Venezia Gentil

07/09/10 - Jean Gentil e Caracremada: altre due storie che viaggiano parallele all’interno di Orizzonti...

(Dalla nostra inviata Caterina Gangemi)

07/09/10 – Jean Gentil e Caracremada: altre due storie che viaggiano parallele all’interno di Orizzonti. Storie di lotta per la sopravvivenza, resistenza, disperazione, accomunate da quel filo conduttore che sembra attraversare questa edizione della mostra in tutte le sue sezioni: il paesaggio.

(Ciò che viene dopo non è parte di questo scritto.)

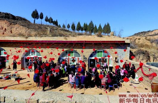 正月初八,奇奇里村年纪最大的光棍,43岁的冯文忠娶上了媳妇。 山西省永和县黄河乾坤湾对岸的山崖上,有一个叫奇奇里的小山村。多少年来,偏僻又贫穷的奇奇里村,好似“被世界遗忘”的角落。由于奇奇里村深藏大山交通不便,加上家里是“出了名”的贫困户,冯文忠的婚事一拖再拖,成了大龄“光棍”。冯文忠和村里的大多数人一样选择了外出打工,东走走、西转转,就是不愿意回到贫穷的村子。 新时代不会抛下任何一个贫穷角落,奇奇里村也不例外。2015年开始的精准扶贫,如一股暖风吹荡一池春水,迅速改变了山村面貌。 前些年,全村700多人中有323人属于贫困户。村里没有一条像样的路,没有路灯,连小卖部也没有。近两年来,在扶贫干部的带动下,奇奇里村大力发展认养农业、民宿休闲、乡村旅游等产业,开始走上脱贫致富之路。短短两年间,整个村子大变样,2017年底整村脱了贫。 依靠脱贫产业的发展,奇奇里村开始摆脱了“穷名”,村里的“光棍”们纷纷娶上了媳妇。 早年间在永和县城打零工的冯文忠平均一个月仅赚一千元左右,根本没有积蓄。2015年,冯文忠加入了村里组织的劳务工作队,在山沟里植树造林,队里不忙的时候还能出去打零工,冯文忠的钱袋子渐渐鼓了起来。 劳务工作队的活越来越多,2017年,冯文忠结束四处奔波的日子,回到奇奇里村把自家的窑洞改造成农家乐。冯文忠算了一笔账,随着村里游客的增多,农家乐估计一年能赚一万元左右,参加村里组织的劳务工作队一年可以挣近万元,枣树认领能为自己带来1500元的收入,这样的生活比出村打工好多了。 在外打工20多年,因为经济原因,冯文忠曾经有过多次失败的爱情经历。2017年,经人介绍,冯文忠认识了心仪的对象刘翠翠,两人特别聊得来,冯文忠暗下决心一定要将她娶回村。 在村里,一年四季不愁活干,每年能挣一两万元,看着冯文忠老实勤奋,手里也有了积蓄,未来有了指望的刘翠翠嫁到了奇奇里村。 村里的大龄“光棍”娶媳妇了,村里的老老少少一早就赶来帮忙。在婚礼仪式上,身着传统新郎装的冯文忠手牵新娘,射箭、跨火盆、拜天地、掀盖头……在父老乡亲的见证下,将心仪的对象娶回了家。

Sono i rigogliosi boschi di Santo Domingo a fare da sfondo alla dolorosa avventura di Jean Gentil, contabile di haiti di mezza età che, privo di lavoro, casa, cibo e affetti, si ritrova ad improvvisarsi novello Walden in un’esperienza che niente ha a che vedere con l’ideale di Thoreau ma assume, piuttosto, i tratti di una quotidianità selvaggia e ferina. Già noti al pubblico veneziano per aver presentato, nel 2007 sempre in Orizzonti, il loro lungometraggio d’esordio, i dominicani Laura Amelia Guzman e Israel Cardenas ritornano con un film che unisce la componente descrittiva del cinéma vèrité, alla poesia di un racconto asciutto, crudo e al tempo stesso toccante. “Io non ho una vita – risponde Jean Gentil a uno dei tanti colleghi di un giorno che gli chiede cosa faccia per vivere – io guardo gli altri vivere. Sono sempre triste. Quando vedo le persone ridere mi chiedo cosa ci sia da ridere.” E’ in queste parole il ritratto di un uomo che, pur nella più bieca indigenza, non rinuncia al suo abito buono, ai suoi libri e alla sua dignità, al quale gli autori guardano con una lucida semplicità, che rifiuta ogni retorica o pietismo.

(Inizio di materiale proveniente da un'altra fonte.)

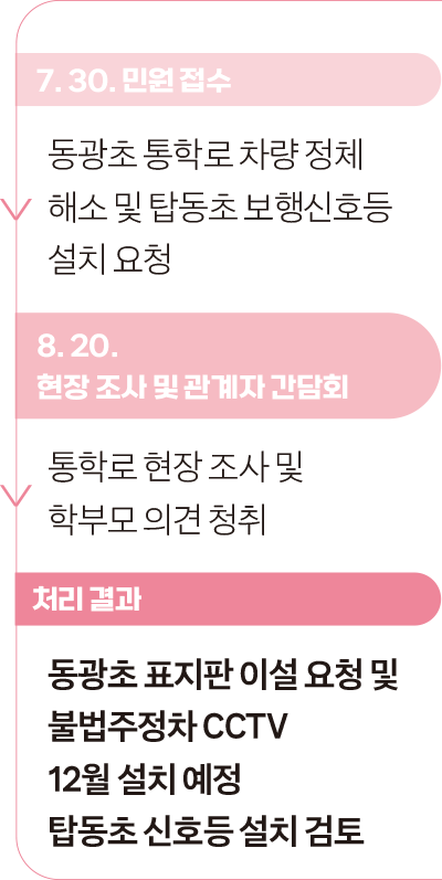 “동광초 통학로 차량 정체 해소 및 탑동초 인근

Dal giovanissimo documentarista catalano Lluìs Galter arriva invece una originale visione della Spagna franchista, attraverso le gesta di Ramon Vila, soprannominato, appunto Caracremada, che, a seguito del ritiro degli altri militanti della CNT (l’organizzazione anarchica della quale faceva parte), decise di ritirarsi nelle campagne della Catalogna per portare avanti la sua battaglia.

Un approccio opposto a quello proposto nella pellicola precedente caratterizza il lavoro di Galter: antinarrativo, straniante, quasi totalmente muto. Laddove in Jean Gentil parola e immagine si compenetrano nel racconto, qui il procedere della storia è fatto di suoni e rumori: di una natura nella quale, a differenza dello sfortunato protagonista del film dominicano, Ramon non perde la propria combattività; e, reiterati, ossessivi, del seghetto di metallo col quale l’uomo boicotta i tralicci della corrente. Il tutto in piena coerenza con le intenzioni del regista di tracciarne un profilo che fosse, nonostante le inevitabili omissioni, il più possibile aderente alla realtà: “La verità è ardua da plasmare. (…) per Ramon, diversamente dagli altri, la lotta e la resistenza non furono mai un atto eroico ma un vero lavoro e, col tempo, un’ossessione nata dalla volontà ferma di non rinunciare comunque al combattimento (…). Senza alcun dubbio, Ramon fu uno degli imprescindibili.